IRONY underlies the title of "Brooklyn's Finest," a drama about cops who are anything but fine at their jobs. And director Antoine Fuqua pounds that irony home with a sledgehammer.

Fuqua rounded up a fine cast - Richard Gere, Don Cheadle, Wesley Snipes and the director's "Training Day" co-star Ethan Hawke.

They all deliver with a fine sense of urgency and toughness appropriate to the dark story. The production values are quite fine, Fuqua crafting a harsh urban landscape where vice can flourish.

So why does "Brooklyn's Finest" turn into such a mess? Well, there is the body count, for starters. Fuqua and first-time screenwriter Michael C. Martin seem to think the solution to the city's problems is a dramatic reduction in population.

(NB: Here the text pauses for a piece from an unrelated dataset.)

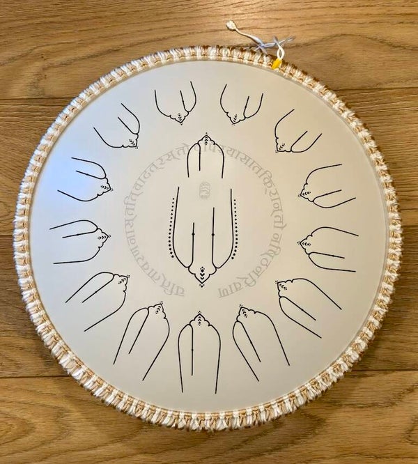 Deze unieke drum combineert de eigenschappen van zowel een handpan als een tongue drum. Het speeloppervlak is vervaardigd uit titaniumstaal, helder wit afgewerkt en voorzien van een gestileerd motief uit de Hartsoetra. De basis is gemaakt van diep groen berkenhout, wat zorgt voor een warme resonantie. Dankzij dit hybride ontwerp komt de melodische helderheid van een tongue drum samen met de diepe projectie van een handpan. Door de houten stop aan de onderzijde te verwijderen, worden de boventonen extra benadrukt.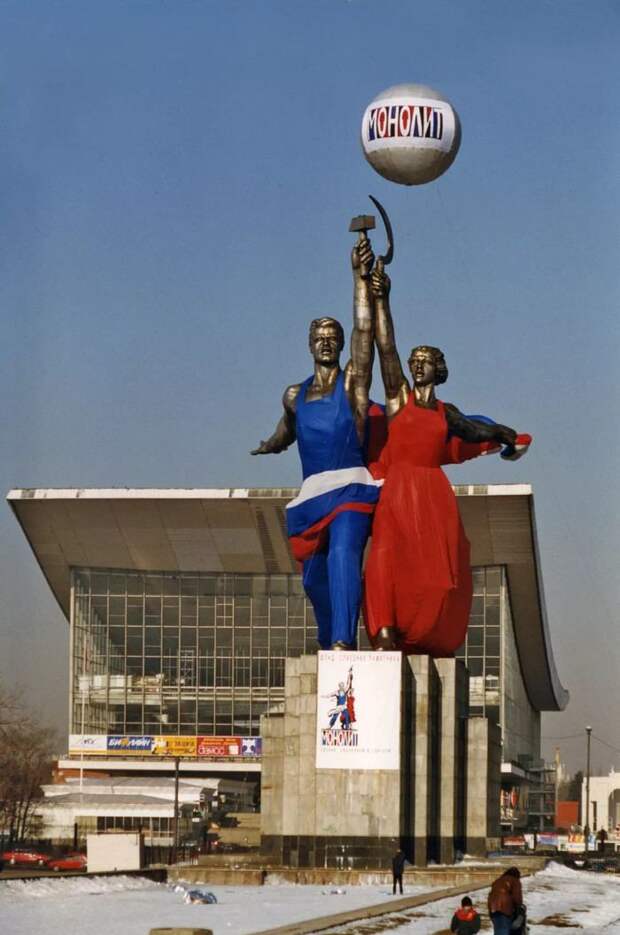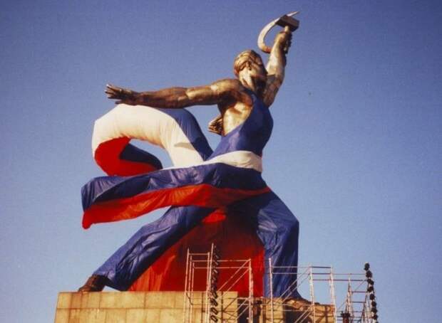 Активисты из текстильного объединения «Монолит» решили привлечь внимание к такому безобразному положению дел и одели монумент в цвета российского триколора. Рабочему — синий комбинезон, колхознице — красный сарафан.

They kill off lots of people in nasty ways with the remorseless glee of a cruel boy torturing insects.

Martin's screenplay has the basis of three interesting stories about cops in various degrees of distress or burnout.

Uniformed patrolman Eddie Dugan (Gere) is trying to get through his final week before retirement without making the slightest impact, which he has grown adept at as his years on the beat turned him into a lump of passivity.

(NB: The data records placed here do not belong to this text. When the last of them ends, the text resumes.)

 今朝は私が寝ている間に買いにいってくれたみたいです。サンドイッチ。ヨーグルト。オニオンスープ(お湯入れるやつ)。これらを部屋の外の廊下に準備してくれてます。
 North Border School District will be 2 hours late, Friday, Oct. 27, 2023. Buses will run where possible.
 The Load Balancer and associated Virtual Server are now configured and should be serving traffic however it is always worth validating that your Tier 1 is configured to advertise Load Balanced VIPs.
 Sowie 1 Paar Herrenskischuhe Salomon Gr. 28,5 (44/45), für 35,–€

Murderous narcotics detective Sal Procida (Hawke) will stop at nothing to score cash from drug dealers so he can put a down-payment on a better house for his sickly wife (Lili Taylor) and their growing brood of children.

Undercover cop Clarence "Tango" Butler (Cheadle) is ready to crack from the strain of running with drug peddlers and torn by a sense of betrayal against kingpin Caz (Snipes), who saved his life while Tango was building his cover in prison.

These men occasionally bump into one another, but "Brooklyn's Finest" mostly spins three disjointed chronicles, the action never adding up to anything more than its grisly parts as gunfire and bloodshed continually erupt around Eddie, Sal and Tango.

Other than a few dashes of humor managed by Hawke, the movie is relentlessly bleak and barbarous.